Nolz et al.  observed mortality rates of 0% for asymptomatic patients and 20% for symptomatic patients in endovascular repair of PAAs. Morrissey et al.  recorded early mortality rates after endovascular repair at 3.6%. In addition, the endovascular approach allows the surgeon to gain access at a location far from the operative site, with no need to clamp the abdominal aorta or dissect scarring from the previous operations in the abdomen and pelvis .
As patients age, they are more likely to have had multiple abdominal operations. These prior surgeries can increase the difficulty of the operation and, potentially, the risk of damage to abdominal structures, thereby placing this patient group at increased risk. Given the small amount of information on the treatment of endoleak occurring recent to the operation, this information on treatment of PAAs was applied for the patient in this case report, which was treated with endovascular insertion of 2 proximal extension cuffs and has done well at follow-up of more than 6 months.

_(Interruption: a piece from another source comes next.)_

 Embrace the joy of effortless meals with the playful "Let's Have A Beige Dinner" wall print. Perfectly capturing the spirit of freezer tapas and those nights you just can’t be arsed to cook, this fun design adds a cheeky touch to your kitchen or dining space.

Endoleaks are traditionally associated with EVAR and have 5 different classifications. The present case most resembles a type I endoleak; these endoleaks occur when a leak at one of the graft attachment sites allows for arterial flow to enter the space outside the graft. Given that arterial flow is pressurized, this alternative flow pattern creates the opportunity for aneurysm expansion and potentially places the patient at risk for aneurysm rupture . Type I and type III endoleaks warrant prompt intervention after they are detected; however, many type II endoleaks may be at risk for increasing intrasac pressure as well. Type I endoleaks may be seen in the immediate postoperative period or may have delayed presentation because of changes in graft orientation due to decreased size of the aneurysm .
The best way to mitigate the risk of a type I endoleak is to ensure that the patient’s anatomy is within the accepted limits and the appropriate graft is used. Care must be taken to ensure that the vessels have the appropriate size, shape, and angulation to safely permit endovascular repair . In addition, the infrarenal neck must be long enough and the distal insertion sites adequate for stent placement.

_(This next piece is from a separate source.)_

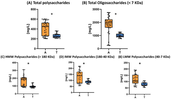 Box plots for polysaccharides and oligosaccharides of sparkling wines elaborated by ancestral (A, n = 11) or traditional (T, n = 9) methods. The presence of an asterisk indicates the existence of significant differences at p < 0.05.

Rosen and Green  advised that a proximal attachment site of less than 1 cm with angulation greater than 60° is highly likely to encounter complications. Typically, the first attempt at repair is angioplasty in the area of the leak, in an attempt to seal off the arterial flow. If this technique is not successful, a balloon - expandable bare metal stent is typically used in the area. The increased force of the balloon - expandable stent gives the best chance of sealing off the leak . Finally, if this second technique also is not effective, a stent graft may be placed over the area as long as it does not interfere with the adherent portion of the original stent .
The present case report shows a rare example of an endoleak occurring after open EVAR. Although the exact cause of the endoleak was never determined, 2 proximal cuffs placed with endovascular technique sealed the leak. The patient tolerated the procedure well and has been doing well at follow - up visits.